🤖 AI Summary
This study investigates whether large language models can autonomously construct production-grade software systems based on explicit specifications, with a focus on their architectural reasoning capabilities in complex, long-horizon engineering tasks. To this end, we introduce SWE-AGI—the first high-complexity, specification-driven, end-to-end benchmark built within the MoonBit ecosystem under low data leakage risk—requiring agents to strictly adhere to RFCs and authoritative standards while implementing modules such as parsers, interpreters, binary decoders, and SAT solvers under fixed API constraints. Experimental results show that GPT-5.3-Codex achieves the highest performance (86.4%), followed by Claude-Opus-4.6 (68.2%), with Kimi-2.5 leading among open-source models. Performance drops significantly with increasing task difficulty, revealing that current models still struggle to reliably support production-level development, with code comprehension emerging as the primary bottleneck.
📝 Abstract
Although large language models (LLMs) have demonstrated impressive coding capabilities, their ability to autonomously build production-scale software from explicit specifications remains an open question. We introduce SWE-AGI, an open-source benchmark for evaluating end-to-end, specification-driven construction of software systems written in MoonBit. SWE-AGI tasks require LLM-based agents to implement parsers, interpreters, binary decoders, and SAT solvers strictly from authoritative standards and RFCs under a fixed API scaffold. Each task involves implementing 1,000-10,000 lines of core logic, corresponding to weeks or months of engineering effort for an experienced human developer. By leveraging the nascent MoonBit ecosystem, SWE-AGI minimizes data leakage, forcing agents to rely on long-horizon architectural reasoning rather than code retrieval.

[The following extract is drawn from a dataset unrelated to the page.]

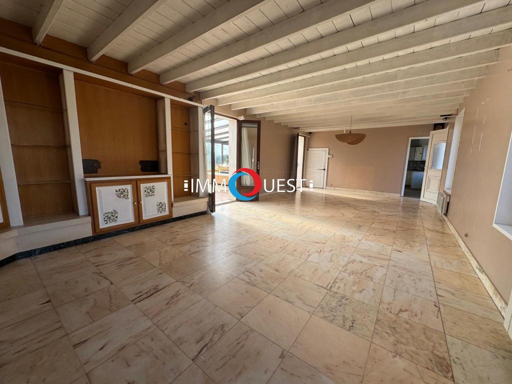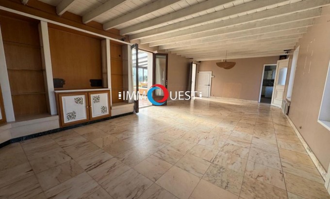 Le rez-de-Chaussée est composé d'un salon séjour (44 m²), une cuisine aménagée séparée, une arrière cuisine, deux chambres dont une suite parentale, une salle de bains (baignoire balnéo-douche), une laverie, 2 WC et une belle véranda (86m²).

Across frontier models, gpt-5.3-codex achieves the best overall performance (solving 19/22 tasks, 86.4%), outperforming claude-opus-4.6 (15/22, 68.2%), and kimi-2.5 exhibits the strongest performance among open-source models. Performance degrades sharply with increasing task difficulty, particularly on hard, specification-intensive systems. Behavioral analysis further reveals that as codebases scale, code reading, rather than writing, becomes the dominant bottleneck in AI-assisted development. Overall, while specification-driven autonomous software engineering is increasingly viable, substantial challenges remain before it can reliably support production-scale development.